Silence, as we listened to the patter of the rain, and sipped, and then I said, “If we stay as kids — and I plan to — will we live forever?”

“No.” Clair shook her white hair back. “I researched that as much as I could. It's sort of hard to find many records, but the few I have found make it clear that either the kids grow up eventually, and I guess die of old age — ”

“How? You go straight from being a kid to old?”

“I don't know, but that's what it seemed like. Or they get killed. Or vanish, like Mearsieanne.”

“Mearsieanne? You mean, your ancestor, right, not your mom?”

“Right. At least, she vanished from records.”

“Weird.”

Clair turned to me. “Soon the weather will get cold. I don't think you have ever seen winter.”

It was just a statement, but I was getting to know Clair by now. “Something new? Oh no,” I croaked, clutched my throat, and pretended to fall off my chair. First setting down my chocolate, of course.

Clair's eyes crinkled in mirth. “All right. I'll stop worrying.”

“I'm not going back,” I said. “I don't care if it snows for the next ten years. I don't care if you decorate the palace like the Squashed Wedding Cake.” I stopped, held my nose, and then said, “Well, maybe I'd just start living in the Junky. Wow, Clair, you have to see that place.”

“I believe you.”

I snapped my fingers. “Speaking of the Junky, we need us an intercom.”

“Which is?”

“Well, on Earth, it's a thingie connected by electricity, where you press a button and talk, and people at the other end of the house, or school, or whatever, can hear you. Faster than sending a messenger, you see? Good for emergencies.”

“Ah.” Clair nodded. She stared out, her brow faintly puckered, then said, “Tell me if I'm wrong, but is not electricity run along wires?”

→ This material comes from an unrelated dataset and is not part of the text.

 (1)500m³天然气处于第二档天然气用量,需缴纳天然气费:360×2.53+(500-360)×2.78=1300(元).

“I think so. Radio isn't, though. At least, all the teenagers listen to their rock'n'roll on transistor radios, and those don't have wires.”

“No, but there are machines making the radio sounds that do,” Clair murmured. “Never mind. I think I know what to do. At least, I can't make sounds connect, but I can written words.” She flew up, and I followed her to the magic chambers.

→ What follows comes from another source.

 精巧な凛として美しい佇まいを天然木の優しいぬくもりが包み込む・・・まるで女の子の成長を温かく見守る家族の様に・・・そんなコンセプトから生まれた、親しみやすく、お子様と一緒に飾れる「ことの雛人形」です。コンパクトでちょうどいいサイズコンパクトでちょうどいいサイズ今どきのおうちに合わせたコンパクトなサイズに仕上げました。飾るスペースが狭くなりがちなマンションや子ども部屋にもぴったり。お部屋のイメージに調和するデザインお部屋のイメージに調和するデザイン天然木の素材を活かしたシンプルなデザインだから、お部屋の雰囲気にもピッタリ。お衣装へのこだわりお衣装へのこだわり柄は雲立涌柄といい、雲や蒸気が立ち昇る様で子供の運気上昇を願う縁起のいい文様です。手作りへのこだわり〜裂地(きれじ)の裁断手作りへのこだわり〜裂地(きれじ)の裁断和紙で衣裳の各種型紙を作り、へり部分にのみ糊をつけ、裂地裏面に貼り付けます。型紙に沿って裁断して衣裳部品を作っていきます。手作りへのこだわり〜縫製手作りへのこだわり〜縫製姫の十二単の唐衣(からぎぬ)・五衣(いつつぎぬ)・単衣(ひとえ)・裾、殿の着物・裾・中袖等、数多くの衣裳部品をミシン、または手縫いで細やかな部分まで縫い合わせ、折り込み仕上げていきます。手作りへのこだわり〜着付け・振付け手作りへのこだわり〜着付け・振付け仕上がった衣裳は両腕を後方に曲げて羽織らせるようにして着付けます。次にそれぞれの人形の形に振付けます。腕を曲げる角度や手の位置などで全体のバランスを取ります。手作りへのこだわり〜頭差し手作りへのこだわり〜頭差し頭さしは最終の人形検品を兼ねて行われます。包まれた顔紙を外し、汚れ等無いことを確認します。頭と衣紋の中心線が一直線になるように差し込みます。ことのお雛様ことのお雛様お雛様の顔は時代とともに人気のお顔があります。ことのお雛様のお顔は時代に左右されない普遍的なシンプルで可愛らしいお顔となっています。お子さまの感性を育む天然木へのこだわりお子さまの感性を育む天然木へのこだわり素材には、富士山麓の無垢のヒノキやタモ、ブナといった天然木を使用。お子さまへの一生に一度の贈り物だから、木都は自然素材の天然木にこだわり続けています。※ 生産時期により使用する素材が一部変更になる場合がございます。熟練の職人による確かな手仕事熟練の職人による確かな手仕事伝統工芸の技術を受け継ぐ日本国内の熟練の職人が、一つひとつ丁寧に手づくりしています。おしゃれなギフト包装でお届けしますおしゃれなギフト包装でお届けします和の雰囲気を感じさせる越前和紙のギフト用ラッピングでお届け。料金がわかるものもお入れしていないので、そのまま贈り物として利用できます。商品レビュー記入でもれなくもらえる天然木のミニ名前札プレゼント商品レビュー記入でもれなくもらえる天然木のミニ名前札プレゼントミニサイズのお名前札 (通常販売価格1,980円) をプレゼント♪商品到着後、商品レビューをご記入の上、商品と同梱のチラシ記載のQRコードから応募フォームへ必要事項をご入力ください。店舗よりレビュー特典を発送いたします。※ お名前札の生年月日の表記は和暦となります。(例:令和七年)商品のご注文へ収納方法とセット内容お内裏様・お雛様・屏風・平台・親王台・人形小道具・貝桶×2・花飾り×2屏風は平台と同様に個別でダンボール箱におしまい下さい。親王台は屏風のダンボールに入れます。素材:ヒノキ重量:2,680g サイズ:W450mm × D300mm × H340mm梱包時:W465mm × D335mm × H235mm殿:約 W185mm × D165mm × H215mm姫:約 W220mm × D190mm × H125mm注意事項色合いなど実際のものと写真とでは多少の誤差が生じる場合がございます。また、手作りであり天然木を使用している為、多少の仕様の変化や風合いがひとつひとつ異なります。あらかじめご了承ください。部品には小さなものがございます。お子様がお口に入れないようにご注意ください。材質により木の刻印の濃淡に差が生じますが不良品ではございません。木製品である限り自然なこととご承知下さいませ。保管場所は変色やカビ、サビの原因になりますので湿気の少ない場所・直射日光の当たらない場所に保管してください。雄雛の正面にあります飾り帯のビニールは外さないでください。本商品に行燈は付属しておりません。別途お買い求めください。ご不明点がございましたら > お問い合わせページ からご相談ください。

“Now?” I asked in surprise. “I mean, shouldn't we wait for tomorrow?”

Clair looked over her shoulder at me in surprise. “Why?”

I opened my mouth, and then closed it. Of course! No one was going to yell at either of us for being up past bedtime!

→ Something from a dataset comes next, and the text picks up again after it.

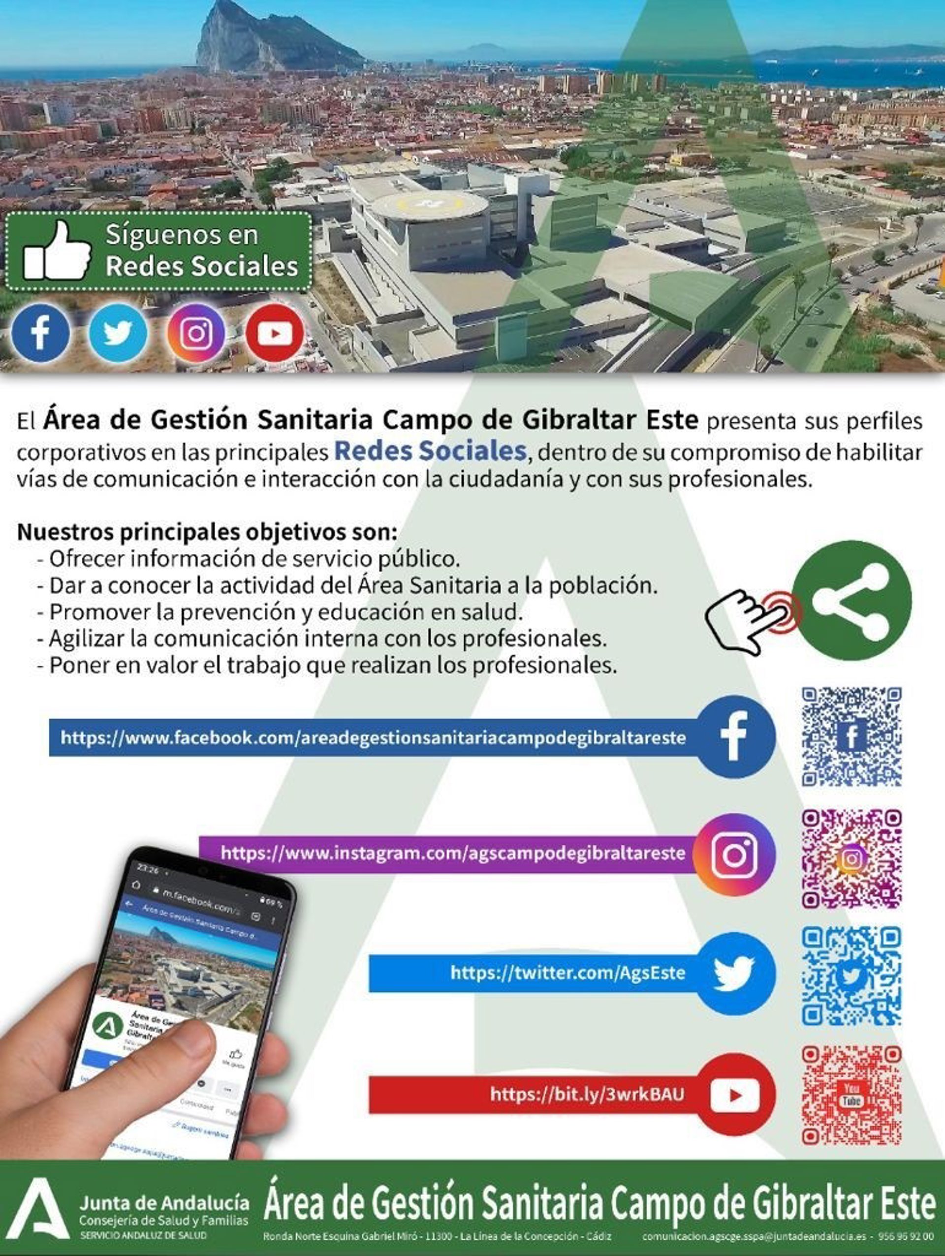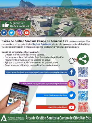 En Facebook, el perfil es areadegestionsanitariacampodegibraltareste; en Instagram, agscampodegibraltareste; en Twitter, @AgsEste; y en YouTube Área de Gestión Sanitaria Campo de Gibraltar Este.

For answer I just hugged myself and snickered, and Clair threw up her hands, shook her head, and then began running a finger along her shelves.

Soon we were busy at work experimenting.

And this time I discovered that I actually followed a lot of what she was doing as she tried one thing, then another, and then another, each time writing down her exact steps in her current practice book — and the results, bad or good. It was a lot like doing math. Fractions, say. Except in math you worked and worked and at the end you got nothing except an answer that might be right and might be wrong. If you were right, you just had to do more math. With magic, you went through all these meticulous steps, but at the end, if you were right, the spell snapped into place — and held!

When she at last settled on enchanting a desk blotter, and got it to work, she wrote out the series of spells in green ink rather than black. I'd been kind of lazy about keeping track of my own learning in my practice book (it was more fun writing up records) but once I saw her doing it, I resolved to do a better job with mine. You thus could see past mistakes and not make them again, as well as see your successful spells.

At last she had it.

“See, not paper,” she said, smiling in excitement. “It won't last. But the blotter lies under paper, it won't get in the way, but when we use these quills — ” She paused, murmured magic over a quill. You could almost see sparks, not physically, but in your mind, sort of. Then she touched the dry quill on the blotter, and a line appeared. “See? It's fast. Much faster than having to find ink, and mend the tip, which might be fatal in a real emergency. We just have to remember to keep the spells renewed.”